Read about this happening to multiple people... 
Just ordered a set of Green Stuff pads and want to make sure I install the shims correctly
Any idea on how to prevent this?


----------



## Chickenman35 (Jul 28, 2006)

ihaverickets said:


> Read about this happening to multiple people...
> Just ordered a set of Green Stuff pads and want to make sure I install the shims correctly
> Any idea on how to prevent this?


Yeah..remove the shims and toss them in the garbage. Then go to your local Napa, Autozone etc and by some CRC Disc Brake Quite. This is a rubberized anti-vibration agent that is available in either a spray on or squeeze on package. Works great. 

Edit: I've tried both and prefer the spray.


----------



## Chickenman35 (Jul 28, 2006)

I'd also be concerned about the pad " Smearing "..that is not good. Everything that I have read and heard about EBC pads bring me to the conclusion that they are crap.


----------



## ihaverickets (Jun 3, 2011)

Thanks for the information :thumbup: 
The picture there is the surface where the shim goes correct? Possible that the shim is supposed to prevent the smearing?


----------



## Chickenman35 (Jul 28, 2006)

ihaverickets said:


> Thanks for the information :thumbup:
> The picture there is the surface where the shim goes correct? Possible that the shim is supposed to prevent the smearing?


I was referring to the pad surface that contacts the rotor. Surface has smeared, which is not good. Usually an indication of overheating. Do you Track Day this car?


----------



## germancarnut51 (Mar 23, 2008)

Did you service the slide pins when you replaced the brake pads?

The slide pins could have seized, and caused the pad overheating.


----------



## ihaverickets (Jun 3, 2011)

Chickenman35 said:


> I was referring to the pad surface that contacts the rotor. Surface has smeared, which is not good. Usually an indication of overheating. Do you Track Day this car?

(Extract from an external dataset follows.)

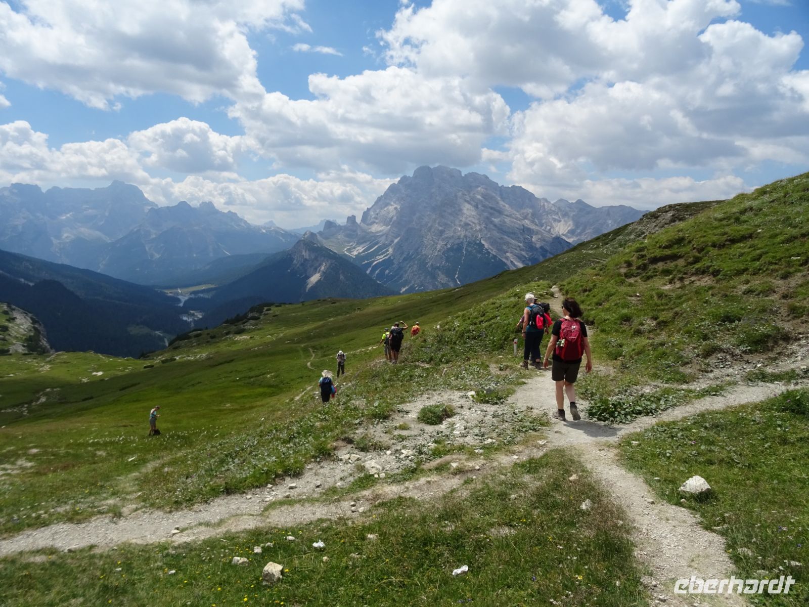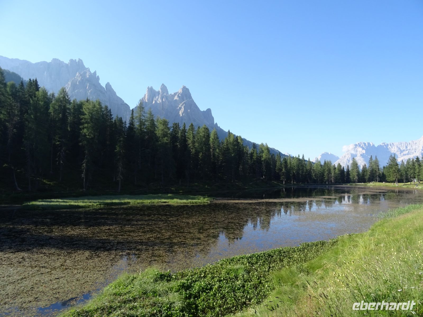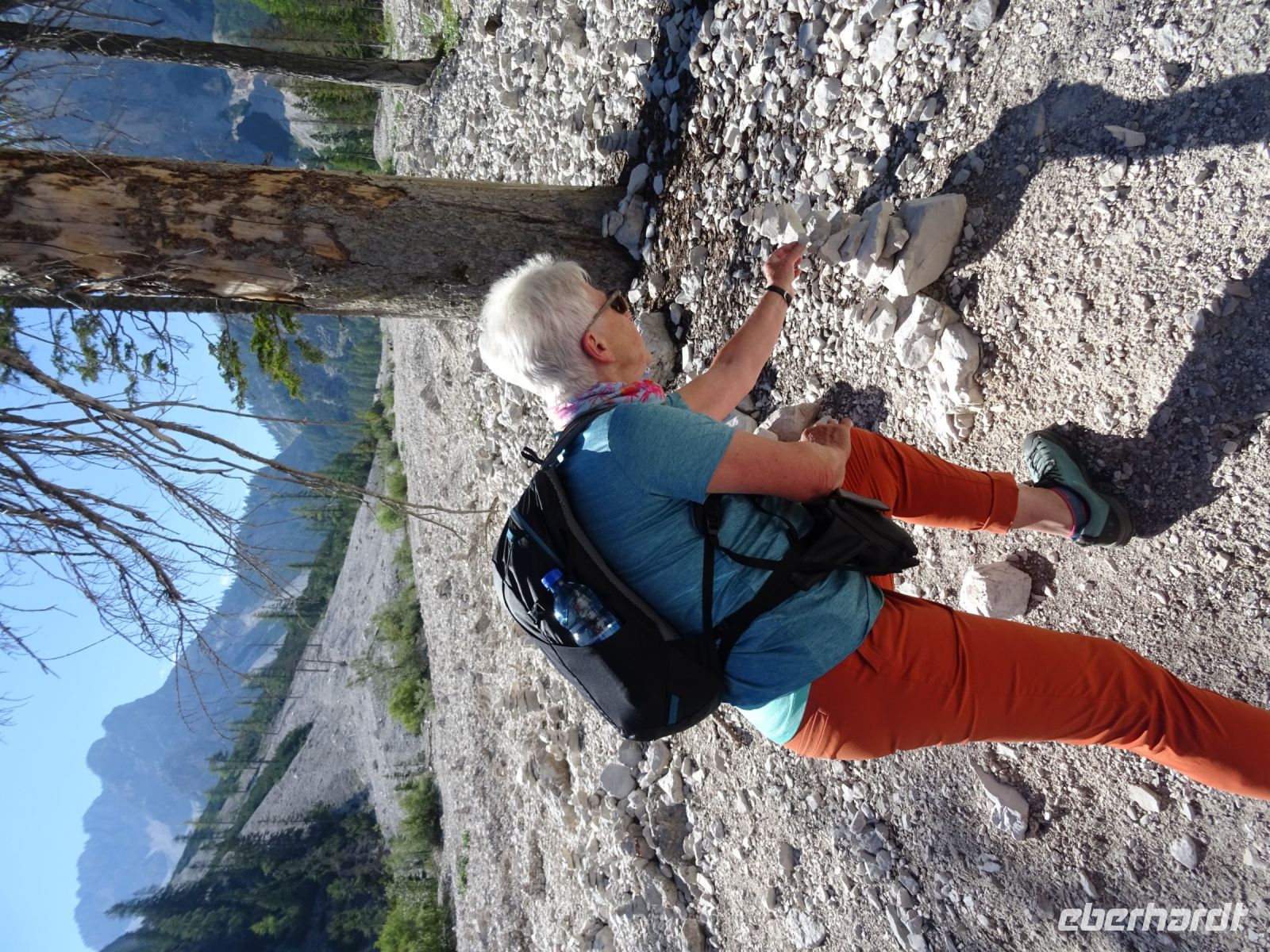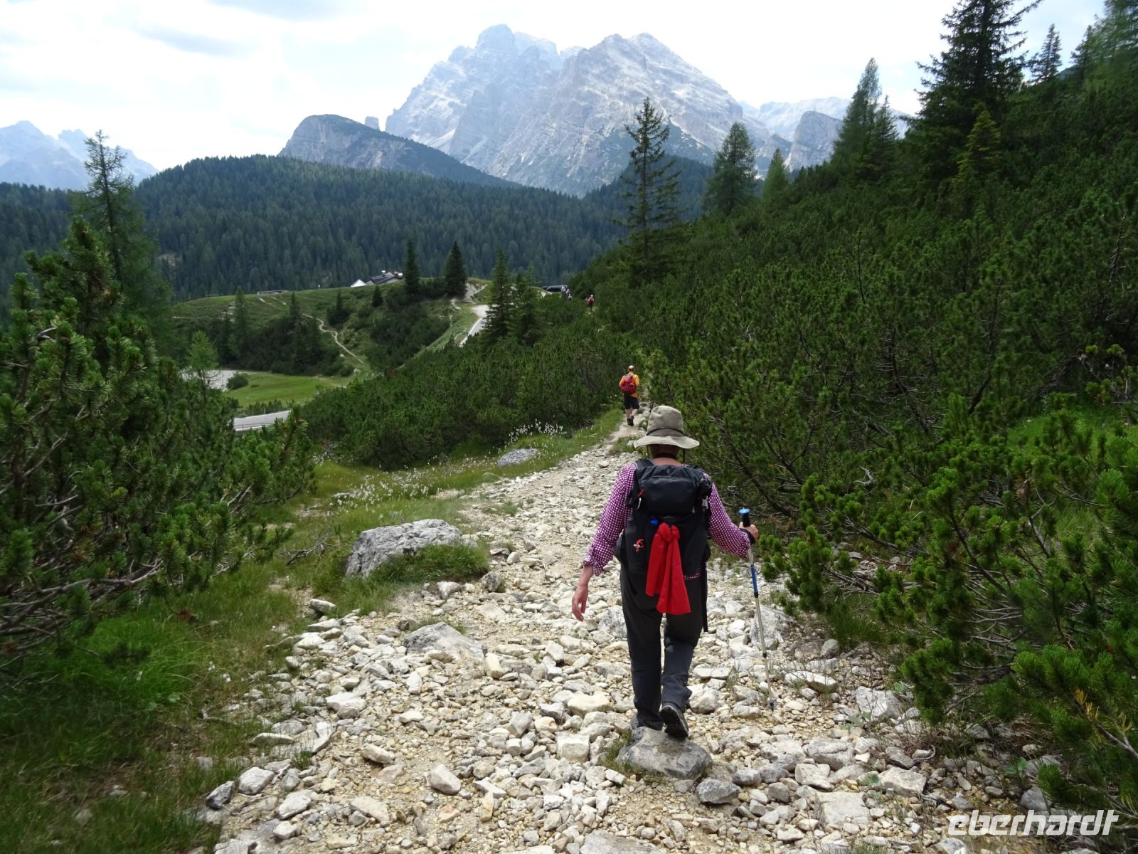 Mit den ersten Sonnenstrahlen schnüren wir unsere Wanderschuhe und packen unseren Rucksack, um mit Irmi bereits um sieben Uhr morgens mit dem Bus in die Sextener Dolomiten zu fahren. Aus der Erfahrung des letzten Jahres, nehmen wir das zeitige Aufstehen in Kauf um noch vor den ersten italienischen Touristen an den Drei Zinnen zu sein. Frühstück und Kaffee gibt es im Bus und so vergeht die Stunde Fahrtzeit wie im Flug. Die Drei Zinnen sind das Wahrzeichen der Dolomiten und somit ein beliebtes Ausflugsziel für Groß und Klein. Wir bewegen uns heute aber etwas abseits vom Trubel und beginnen unsere Tour auf circa 1900 Metern am Lago d’Antorno. Auf einem wenig begangenen Steig wandern wir von der Rinbiancoalm zur Forcella di Mezzo auf. Wir genießen die herrliche, morgendliche Ruhe, das Vögelgezwitscher und nehmen uns vor allem Zeit für die ersten, größeren Anstiege. Immer wieder pausieren wir, um das atemberaubende Panorama der Dolomiten aufzusaugen. Die Fotoapparate laufen jedenfalls heiß, denn vor dem tiefblauen Himmel wirken die Gipfel vom Monte Piano, der Cadini-Gruppe oder der Schusterspitze noch gewaltiger. Auf dem Hochplateau angekommen, legen wir erst einmal eine kleine Pause ein, bevor wir von dort weiter zur Langalm gehen und den gigantischem Blick auf die Nordwände der Zinnen bestaunen. Für ein paar Meter ist schon deutlich mehr Begängnis, aber immerhin ist die Mittagsrast in Sicht. Nach einer ausgiebigen Stärkung auf der Alm geht es zurück zur Forcella. Immer wieder lassen wir die Blicke zurück schweifen und sind stolz auf das was wir bereits geschafft haben. Der Abstieg geht nun etwas steiler und teilweise sehr uneben nach unten. Obacht ist angesagt und jeder nimmt sich ausreichend Zeit. Die Füße tragen uns wieder bis zum Ausgangspunkt unserer heutigen Tour. Unser Chauffeur Ricco erwartet uns bereits mit einem „kühlen Blonden“ und selbstverständlich stoßen wir bei einem Südtiroler Grappa auf diesen grandiosen, aber auch anspruchsvollen Tag an! Das leckere Menü im Hotel haben wir uns jedenfalls redlich verdient! Buona notte!

No no track days or auto-crossing for this vw, green stuff should be good for me, hope they dont smear.


----------



## ihaverickets (Jun 3, 2011)

I just got the EBC green stuff pads in and I noticed that there were no shims included in the package. There is also a sensor attached to the bottom one of the pads and a metal 3 prong piece on the back of one of the other pads. Never seen these fixtures, guessing these will make sense when I take everything apart


----------